Luckily for me, even I can't mess up this kind of swirl! I used Cedar and Saffron, one of my favorites, so warm and clean, and some teal and gold mica to swirl on top.


----------



## BusyHands (Feb 15, 2016)

Beautiful!!!!


----------



## kchaystack (Feb 15, 2016)

navigator9 said:


> Luckily for me, even I can't mess up this kind of swirl! I used Cedar and Saffron, one of my favorites, so warm and clean, and some teal and gold mica to swirl on top.

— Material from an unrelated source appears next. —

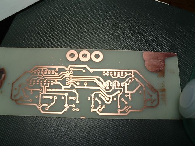 あー・・・。失敗しました。露光時間が長すぎor遮光能力を超える紫外線の照射をしてしまったせいか、断線しまくりです。油性ペンで修正してエッチングしたんですが、いい加減に修正しすぎた・・・。(まぁ9割修正必要だったし。)
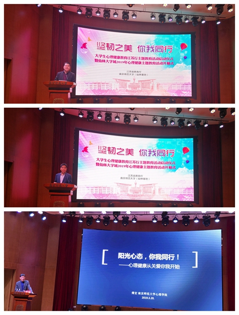 在启动仪式上,江苏省教育厅副厅长苏春海、南京师范大学校长陈国祥分别致辞。南京师范大学傅宏教授作题为《阳光心态,你我同行》的专题讲座。为更好地展示各高校心理健康工作中的特色,来自南京的22所高校还参加了当天下午举行的广场展示活动。我校由美术学院和心理健康协会同学共同策划的“心·印象”心理主题绘画活动在现场受到了各兄弟高校师生的积极参与和广泛好评,在普及心理知识的同时,促进了校际交流。

I keep a small bottle of gold mica in oil prepped for doing this.  It is really a gorgeous technique.


----------



## Soap Techniques (Feb 15, 2016)

Very pretty! This FO will make the soap eventually even darker, doesn't it? I bet it will look even more beautiful!


----------



## DeeAnna (Feb 15, 2016)

Glycerin works too, if someone wants an alternative to mixing the mica with oil. Yes, it's always pretty and hard to mess up. Until recently, I didn't have any other micas besides gold, but I am going to have to do this with other mica colors now that I've seen your soap! Thanks for sharing, Navigator.


----------



## Deedles (Feb 15, 2016)

kchaystack said:


> I keep a small bottle of gold mica in oil prepped for doing this.  It is really a gorgeous technique.

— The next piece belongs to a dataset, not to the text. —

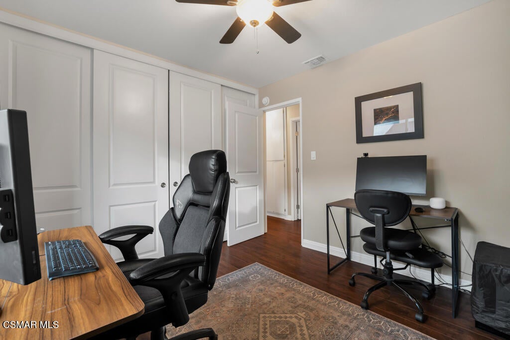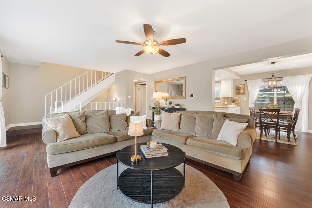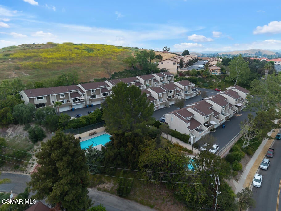 Charming tri-level townhome in an unbeatable Conejo Valley location! Moments from top-rated restaurants, microbreweries, pubs, and coffee houses, and just minutes from some of Southern California's best hiking trails, Los Robles Public Golf Course, and both major shopping malls. Move-in ready and thoughtfully upgraded throughout.The main level features an open-concept living and dining area anchored by a corner fireplace, balcony, modern kitchen, and an adjacent patio at street level with a private gate for easy access. A conveniently located half bath doubles as the laundry room.Upstairs, the spacious primary suite boasts beautiful views, two generous closets, and a private ensuite bath. Two additional bedrooms share a well-appointed hall bathroom.Upgrades include laminate wood floors throughout, newer dual-paned windows, newer HVAC, solid-core panel doors, and new closet doors in all three bedrooms. Abundant storage throughout, plus an attached two-car garage.
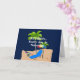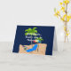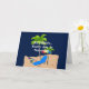 Palmiers et chaise lounge, "Retraité...Chaque jour est samedi" bouton.

What oil do you use? My friend that taught me the soaping basics did a mica in oil swirl like that but over a year later the mica is still easy to rub off. Most of it washes off with the first use. I'm not sure what oil she used.


----------



## kchaystack (Feb 15, 2016)

Deedles said:


> What oil do you use? My friend that taught me the soaping basics did a mica in oil swirl like that but over a year later the mica is still easy to rub off. Most of it washes off with the first use. I'm not sure what oil she used.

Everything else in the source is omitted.